= Cresselly House =

Georgian country house in Cresselly, Pembrokeshire, Wales

Cresselly House is a Georgian country house in the village of Cresselly, Pembrokeshire that operates as a country house hotel. It is a Grade II* listed building while its gardens and park are designated at Grade II on the Cadw/ICOMOS Register of Parks and Gardens of Special Historic Interest in Wales.

==History==
Cresselly had belonged to the Bartlett family since 1564. It came into the Allen family in 1728 when John Allen (d. 1752), of Goodhooke, married Joan, the daughter and heiress of John Bartlett of Cresselly. John Allen was appointed High Sheriff of Pembrokeshire in 1732. The estate lay on reserves of coal, which were mined to provide an income and exported from Cresswell Quay. The present house was built in 1769 by John Allen's son, Captain John Bartlett Allen, an army officer in the First Foot Guards, to replace an earlier building which was undesirably close to the coal mines.

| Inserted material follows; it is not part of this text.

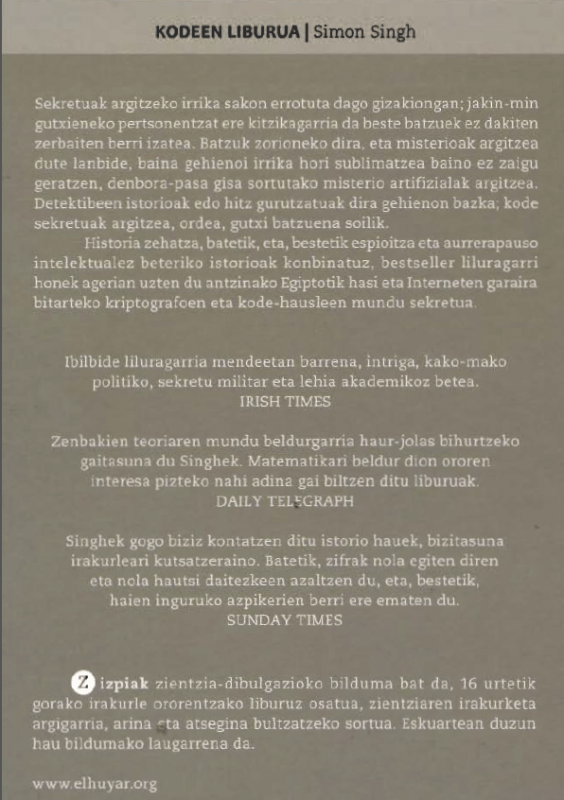 Kodetzeko lehenengo sistemetatik hasi eta gaur egun erabiltzen diren sistemetara arteko historia kontatzen da: Egiptotik hasi eta Interneten garaira bitarteko kriptografoen eta kode-hausleen mundu sekretua, hain zuzen ere. Besteak beste, kontatzen da nola Eskoziako Maria Estuardo erregina eraila izan zen enkriptazio ahul batean konfiantza izateagatik; II. Mundu Gerran alemaniarrek erabili zuten Enigma kodetzeko makinaren historia ere aurkituko du irakurleak; eta, nola ez, Interneteko PGP enkriptazio-sistema ere aztertzen da... Hainbat hizkuntzatara itzulia izan da eta, kasu askotan, best seller izatera iritsi da. Elhuyarrek euskaraz jarri du eskuragarri, Gipuzkoako Foru Aldundiaren Euskara Sailaren laguntzarekin. Z izpiak zientzia-dibulgazioko bildumako laugarren liburua da. Bilduma hori 16 urtetik gorako irakurleei zuzendua dago, eta zientziaren irakurketa argigarria, arina eta atsegina bultzatzea du xede.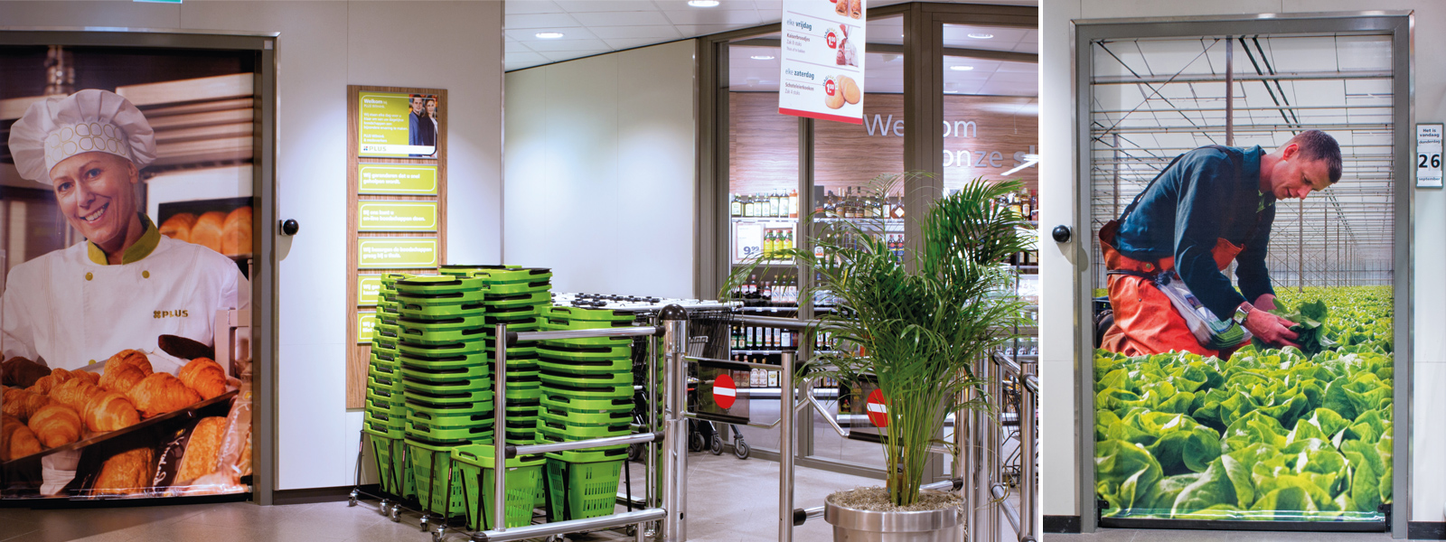 Několik známých řetězců supermarketů standardně používá potištěné roletky SpeedRollers, které ovlivňují atmosféru v prodejním prostoru a zprostředkovávají firemní image.

The estate descended in the male line down to Henry Seymour Allen (1847-1928) who died unmarried, when it passed to his nephew, Hugh Evelyn Allen (1880-1933). Hugh Evelyn's heir was his only daughter, Auriol Joan Bartlett Harrison-Allen. Her son, Hugh Harrison-Allen has been the present owner since 1992 following Auriol's death

==Architecture and description==
The main range is rubble built in three storeys with two storey blocks on either side. It faces west looking down a valley towards the Cleddau Estuary.